(Kitco News) - Gold prices continue to hold the line around $5,100 an ounce in what is proving to be a volatile consolidation pattern; however, according to one investor, there is still plenty of upside potential as the global economy faces extreme uncertainty and global debt remains at unsustainable levels.
In an interview with Kitco News, Byron King, editor at Paradigm Press Group, said that even as prices hold near January’s record levels, investors should not assume they have missed the opportunity. He added that structural economic shifts and renewed interest in hard assets are creating a powerful tailwind for the precious metals sector.
Speaking with Kitco during the Prospectors & Developers Association of Canada (PDAC) 2026 convention in Toronto, King said attendance at this year’s event shows sentiment among mining companies continues to strengthen as capital flows back into the sector and investors increasingly shift away from financial assets and toward tangible resources.
King noted that despite gold’s surge in recent years, the current rally may still be in its early stages.
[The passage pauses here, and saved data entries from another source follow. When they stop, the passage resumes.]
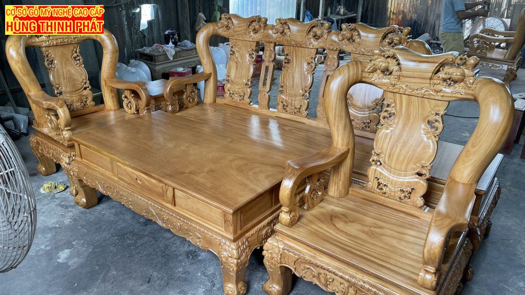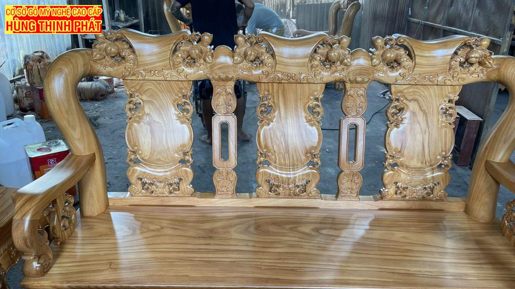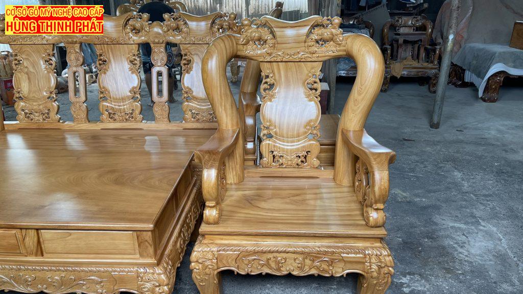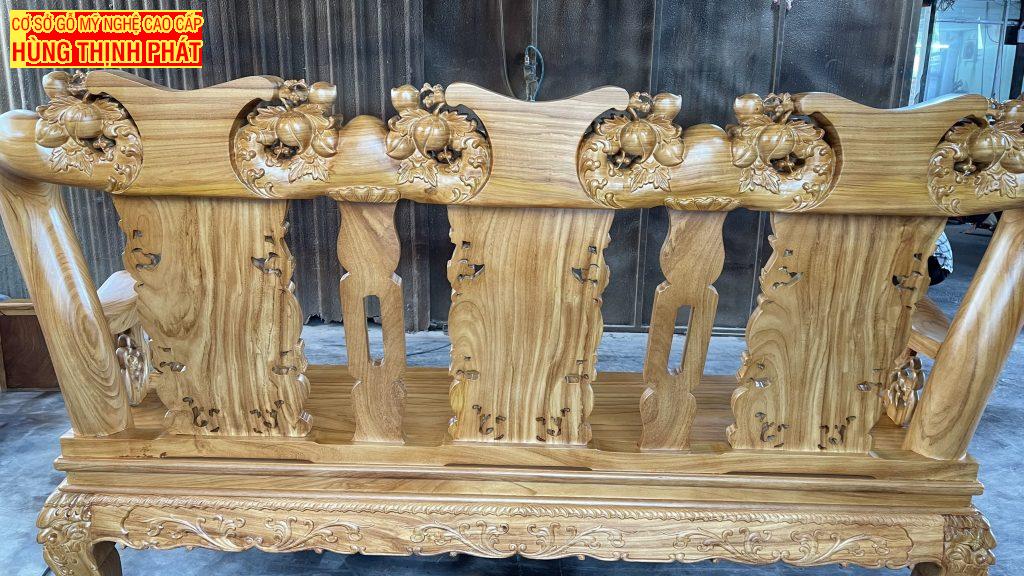 đây là bộ bàn ghế phòng khách được thiết kế mẫu mới, vách tựa lưng kiểu lục bình đục chạm thủ công hai mặt làm rất chắc chắn và giá cả hợp lý. Sơn màu gỗ tự nhiên bóng mờ rất đẹp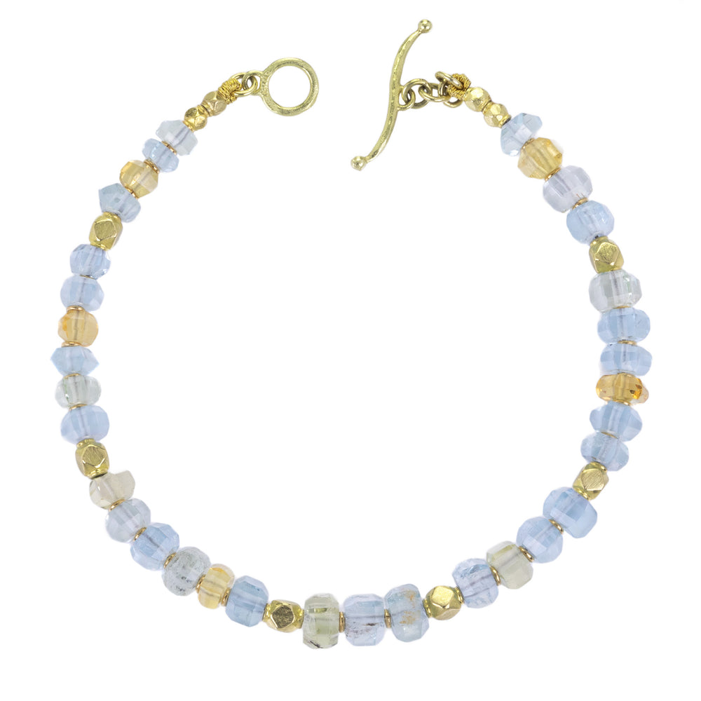 A dazzling dressing for your wrist when stacked or worn solo, this 18k yellow gold bracelet from Barbara Heinrich sparkles with faceted aquamarine and beryl rondelle beads totaling 16.48cttw. Faceted gold bead spacers are interspersed throughout. Total length with toggle clasp measures 7 1/4“. Handcrafted in Rochester, NY, U.S.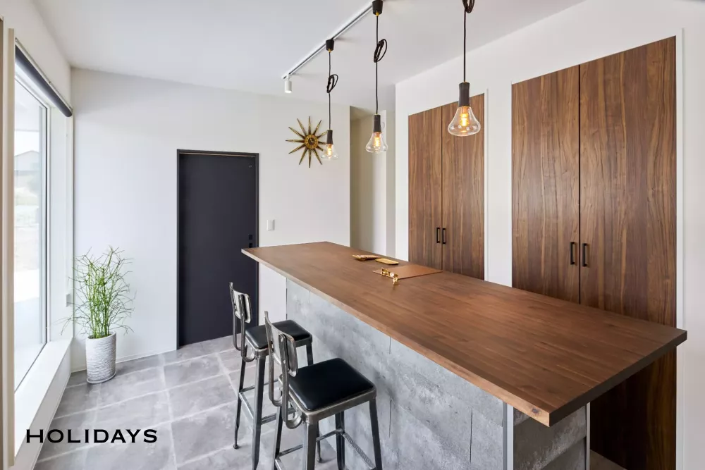 店舗併用住宅とは、その名の通り、自宅と仕事場を一緒にした住居形態です。店舗併用住宅は通勤時間がかからないので、家族との時間を確保しやすく、仕事と家庭・育児を両立しやすいというメリットもあります。 今回のお住まいは美容室との店舗併用住宅。1階の店舗スペースはおしゃれかっこよく仕上げ、家族の居住スペースである2階はラフで明るい、家族との愉しい時間を過ごせる空間に仕上げています。 また、家族の過ごせるLDKの壁面には施主様がお気に入りの小物を飾れる棚も造作しています。 お洒落な店舗と居心地の良い居住スペースを併せ持った、施主様の好みのテイストを盛り込めた、こだわりの注文住宅が完成しました。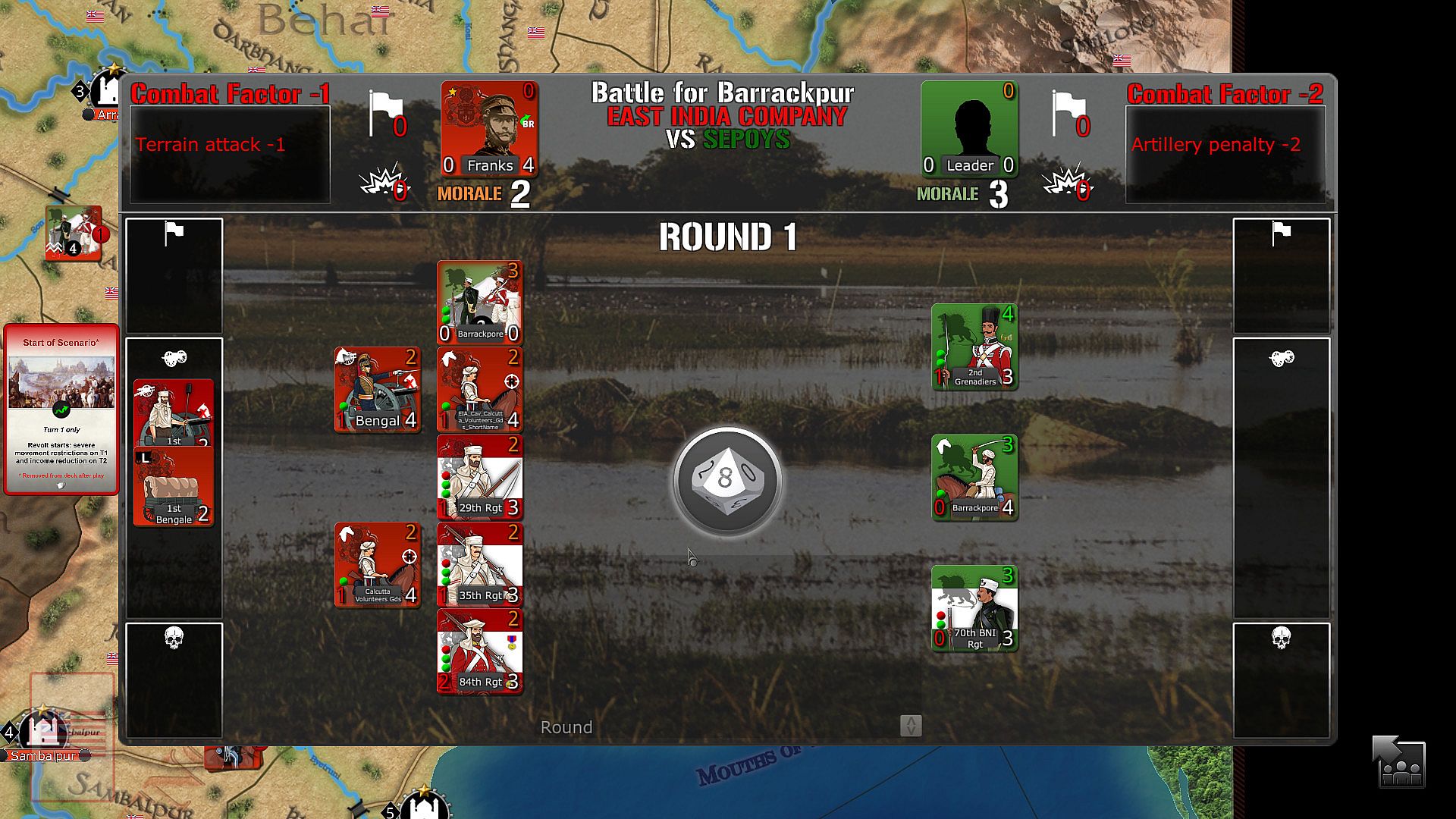 - The British have many units but spread all over the map and initially mostly immobile, and will need time to cope with various rebels groups.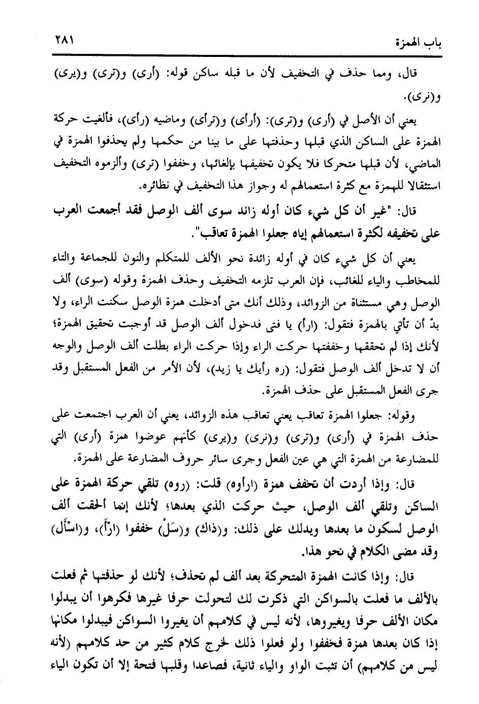 يعني أن الأصل في (أرى) و (ترى): (أرأى) و (ترأى) وماضيه (رأى)، فألغيت حركة الهمزة على الساكن الذي قبلها وحذفتها على ما بينا من حكمها ولم يحذفوا الهمزة في الماضي، لأن قبلها متحركا فلا يكون تخفيفها بإلغائها، وخففوا (ترى) وألزموه التخفيف استثقالا للهمزة مع كثرة استعمالهم له وجواز هذا التخفيف في نظائره.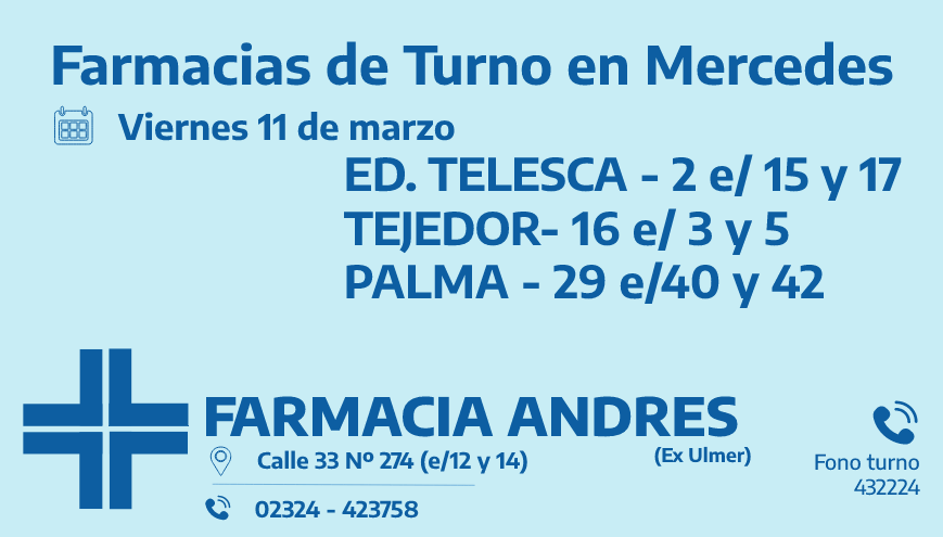 Desde las 8:30 del día de hoy hasta la misma hora de mañana, las farmacias de turno en Mercedes son: Eduardo Telesca, Tejedor y Palma.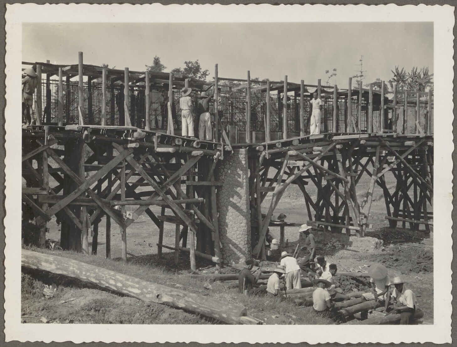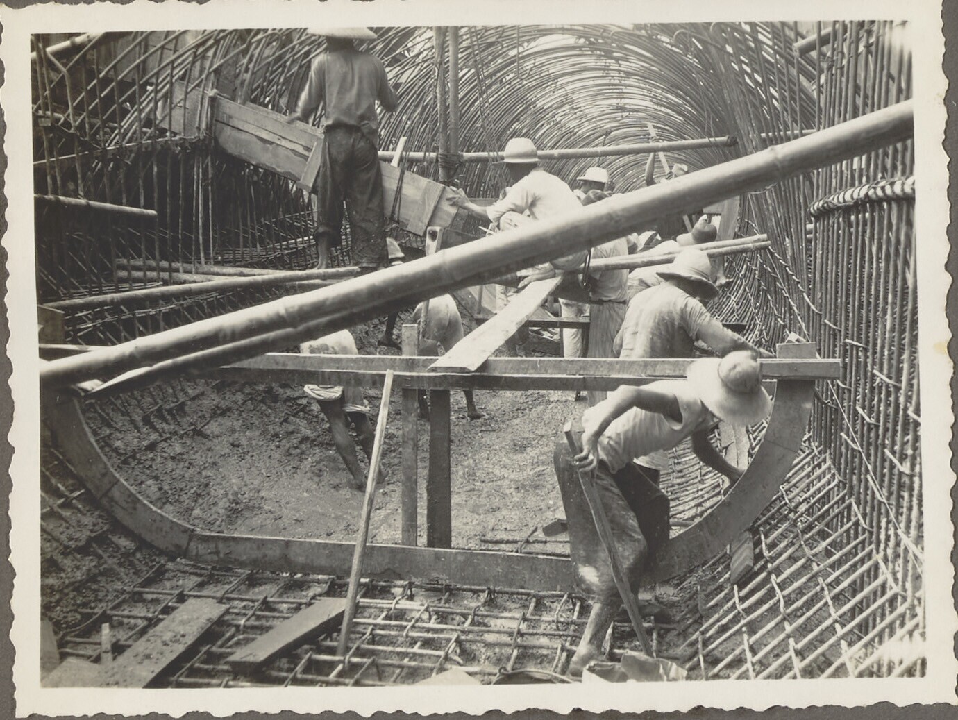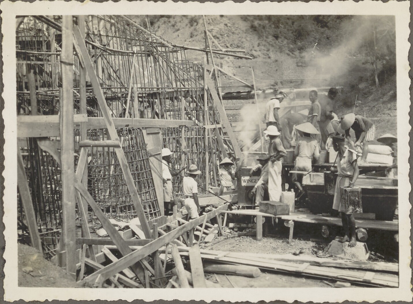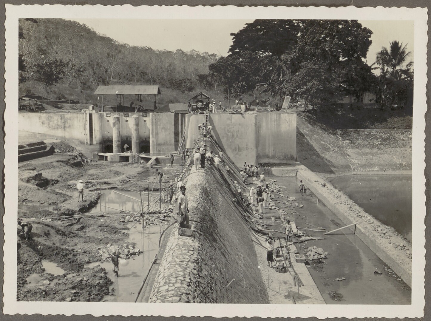 Woelbak in aanbouw door Javaanse arbeiders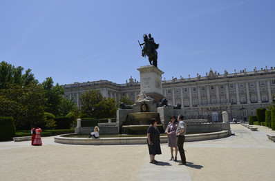 Palacio Real : İspanya Kraliyet Ailesinin Sarayı Plaza Oriente’nin karşısında Kraliyet Tiyatrosunun yanında yer alıyor, kentin en görkemli yapılarından biri olan bina Neoklasik tarz mimariye sahip, 3418 odası bulunan sarayı hakkını vererek gezmek için bir tam gün ayırmak gerekiyormuş ne yazık ki rehberimizin ve bizim zamanımız kısıtlı ve girişin önünde uzun bir kuyruk var. Binanın arkasındaki görkemli “Sabatini Bahçeleri” ve Romantik “Campo del Moro Bahçelerini” görmeyi çok istiyorduk ama bir sonraki Madrid seyahatimize kaldı.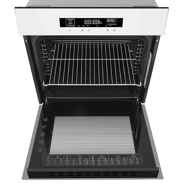 Полезным дополнением являются рецепты, нанесённые на внутреннюю сторону дверцы, служащие удобной шпаргалкой. Несмотря на увеличенный объём, духовой шкаф сохраняет высокий класс энергоэффективности А, обеспечивая мощность до 3250 Вт при экономичном потреблении энергии.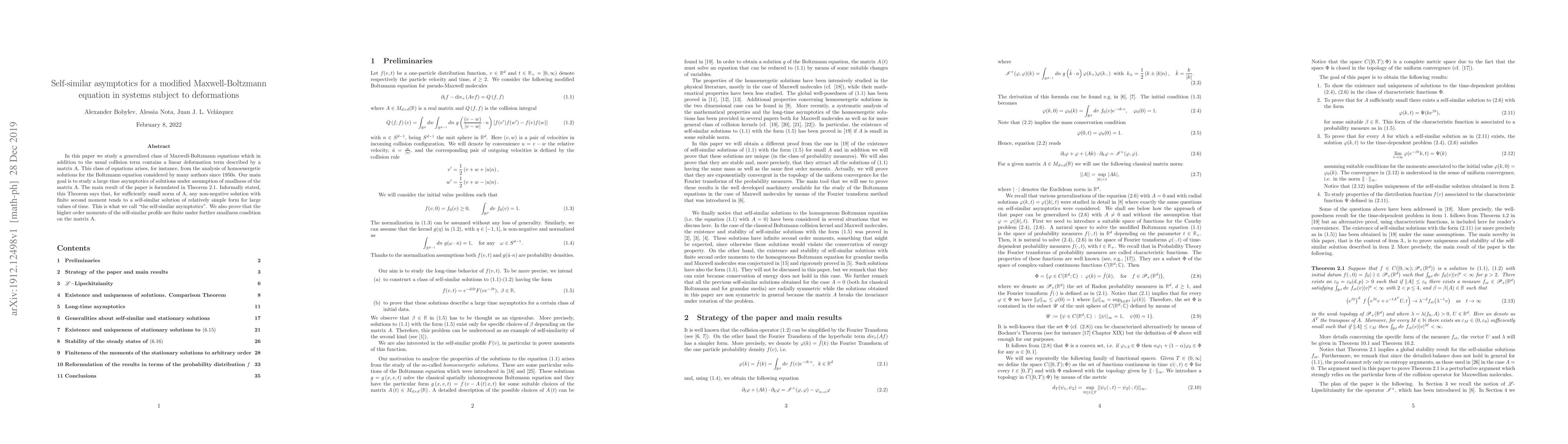 This paper investigates a modified Maxwell-Boltzmann equation with a linear deformation term, showing that for sufficiently small deformation, solutions tend to a self-similar form as time increases, with finite higher order moments under additional smallness conditions.

Investors who believe they missed the move from roughly $2,000 to $5,000 an ounce should focus on the potential gains ahead rather than past performance.
“People say they missed the move in gold, but they only missed the first leg,” King said. “Don’t miss the next move from $5,000 higher.”
King said the fundamental driver behind the precious metals rally remains concern over the long-term stability of fiat currencies and government debt.
With U.S. debt approaching $39 trillion, he argued that governments will likely rely on monetization and inflation rather than repayment. In that environment, holding physical precious metals serves as an important wealth preservation tool.
“If you take your money and buy a gold coin and put it away, you’ve preserved that purchasing power,” he said.
King also said he sees the current rally in precious metals as part of a broader shift toward a multipolar global economy and renewed competition for resources.
He explained that decades of financialization and underinvestment in mining have left global supply chains vulnerable, while rising geopolitical tensions and industrial demand are reinforcing the need for new resource development.
Government spending on critical minerals is also helping to drive interest. King pointed to tens of billions of dollars being directed toward mining projects tied to strategic materials such as copper, rare earths, tungsten, and antimony.
“The world is returning to hard assets,” he said. “Real things beat financial paper.”
While physical metal acts as “financial insurance,” King said mining equities offer significantly greater upside potential. He added that the current environment is a stock picker’s market across the sector, from early-stage explorers to large producers.
“The runway is wide open across the mining industry,” he said.
King also expects large producers to draw increased interest from generalist investors as rising gold prices translate into stronger cash flow and dividends.
Mining companies with established operations and disciplined management could increasingly resemble income-producing assets, similar to traditional banking or energy stocks, he said.
“If something happens to the financial system, the companies that control real assets—mines and metals in the ground—are going to have enormous value,” King said.